TASK BRIEF>
Would you please reproduce all the entries word for word, minus the pictures?

━━━ THE DATA ━━━

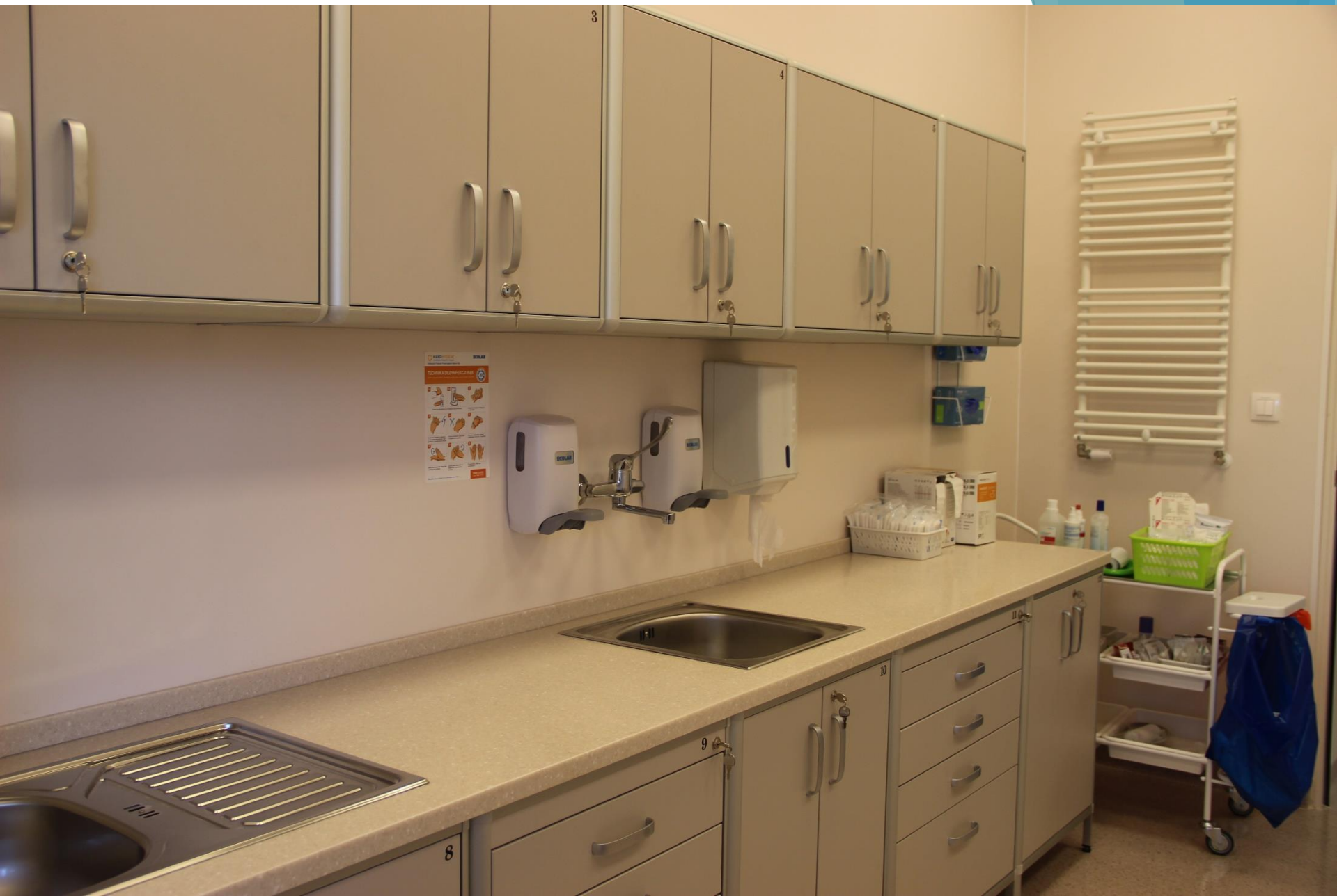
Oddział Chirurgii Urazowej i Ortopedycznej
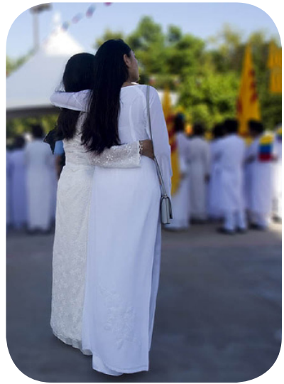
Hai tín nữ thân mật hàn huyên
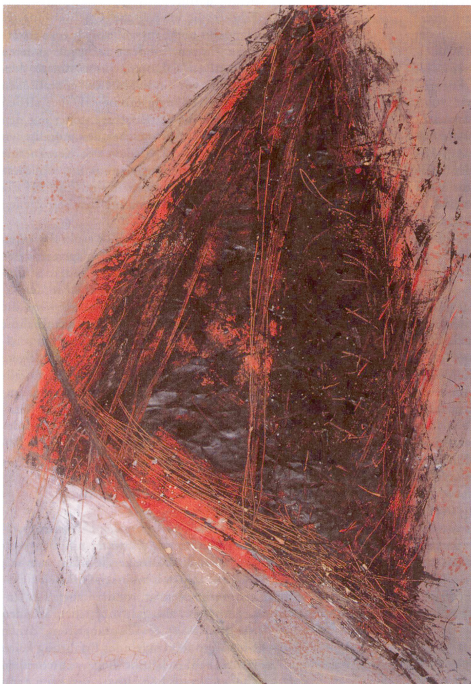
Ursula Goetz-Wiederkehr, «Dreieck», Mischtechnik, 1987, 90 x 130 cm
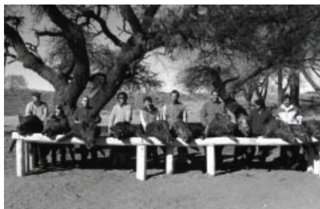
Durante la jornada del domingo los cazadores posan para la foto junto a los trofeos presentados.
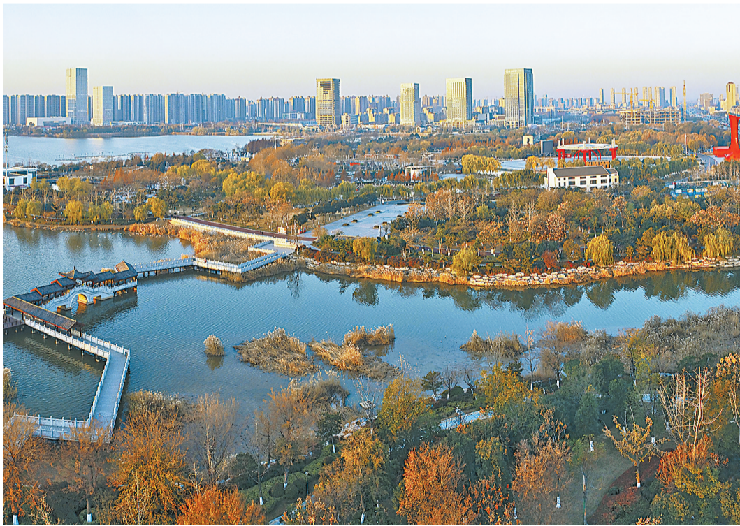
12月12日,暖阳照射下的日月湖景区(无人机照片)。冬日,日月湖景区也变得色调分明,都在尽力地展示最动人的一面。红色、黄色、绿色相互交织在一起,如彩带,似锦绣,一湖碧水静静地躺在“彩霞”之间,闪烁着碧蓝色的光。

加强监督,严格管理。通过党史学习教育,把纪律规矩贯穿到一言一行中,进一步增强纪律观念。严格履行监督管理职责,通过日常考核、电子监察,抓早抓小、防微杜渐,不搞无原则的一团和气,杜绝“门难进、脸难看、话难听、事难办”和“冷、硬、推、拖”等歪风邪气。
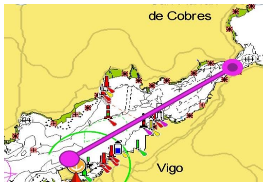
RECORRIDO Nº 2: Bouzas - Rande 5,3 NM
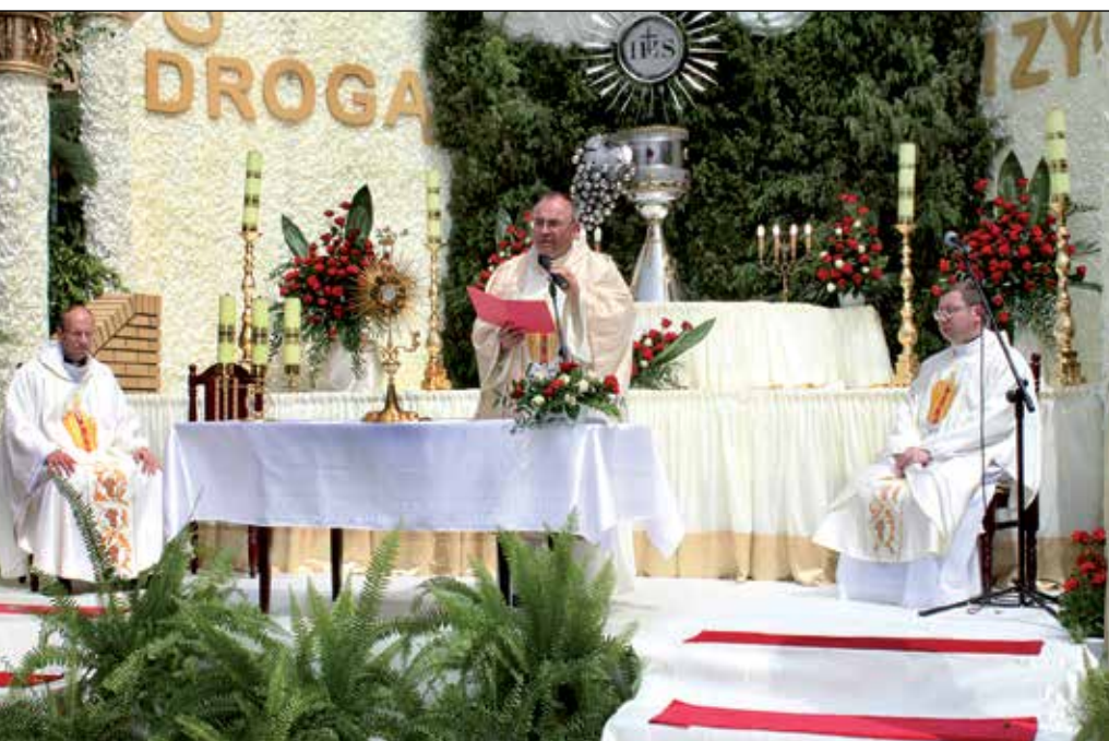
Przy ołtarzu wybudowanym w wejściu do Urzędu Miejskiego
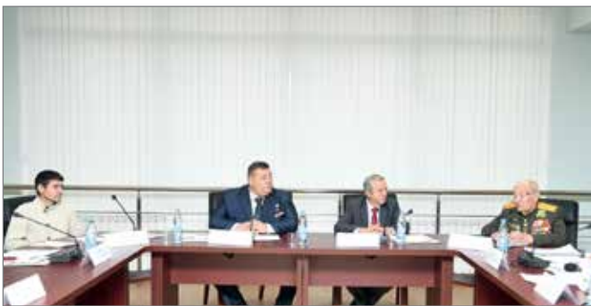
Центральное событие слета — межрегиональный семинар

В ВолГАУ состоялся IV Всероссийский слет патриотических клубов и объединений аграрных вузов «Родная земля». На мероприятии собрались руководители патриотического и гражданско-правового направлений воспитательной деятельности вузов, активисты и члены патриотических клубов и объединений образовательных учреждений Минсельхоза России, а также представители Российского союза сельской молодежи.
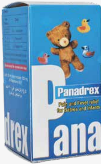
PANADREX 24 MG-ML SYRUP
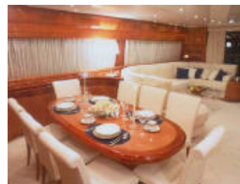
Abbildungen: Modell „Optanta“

━━━

WRITTEN SOLUTION>
Oddział Chirurgii Urazowej i Ortopedycznej
Hai tín nữ thân mật hàn huyên
Ursula Goetz-Wiederkehr, «Dreieck», Mischtechnik, 1987, 90 x 130 cm
Durante la jornada del domingo los cazadores posan para la foto junto a los trofeos presentados.
12月12日,暖阳照射下的日月湖景区(无人机照片)。冬日,日月湖景区也变得色调分明,都在尽力地展示最动人的一面。红色、黄色、绿色相互交织在一起,如彩带,似锦绣,一湖碧水静静地躺在“彩霞”之间,闪烁着碧蓝色的光。

加强监督,严格管理。通过党史学习教育,把纪律规矩贯穿到一言一行中,进一步增强纪律观念。严格履行监督管理职责,通过日常考核、电子监察,抓早抓小、防微杜渐,不搞无原则的一团和气,杜绝“门难进、脸难看、话难听、事难办”和“冷、硬、推、拖”等歪风邪气。
RECORRIDO Nº 2: Bouzas - Rande 5,3 NM
Przy ołtarzu wybudowanym w wejściu do Urzędu Miejskiego
Центральное событие слета — межрегиональный семинар

В ВолГАУ состоялся IV Всероссийский слет патриотических клубов и объединений аграрных вузов «Родная земля». На мероприятии собрались руководители патриотического и гражданско-правового направлений воспитательной деятельности вузов, активисты и члены патриотических клубов и объединений образовательных учреждений Минсельхоза России, а также представители Российского союза сельской молодежи.
PANADREX 24 MG-ML SYRUP
Abbildungen: Modell „Optanta“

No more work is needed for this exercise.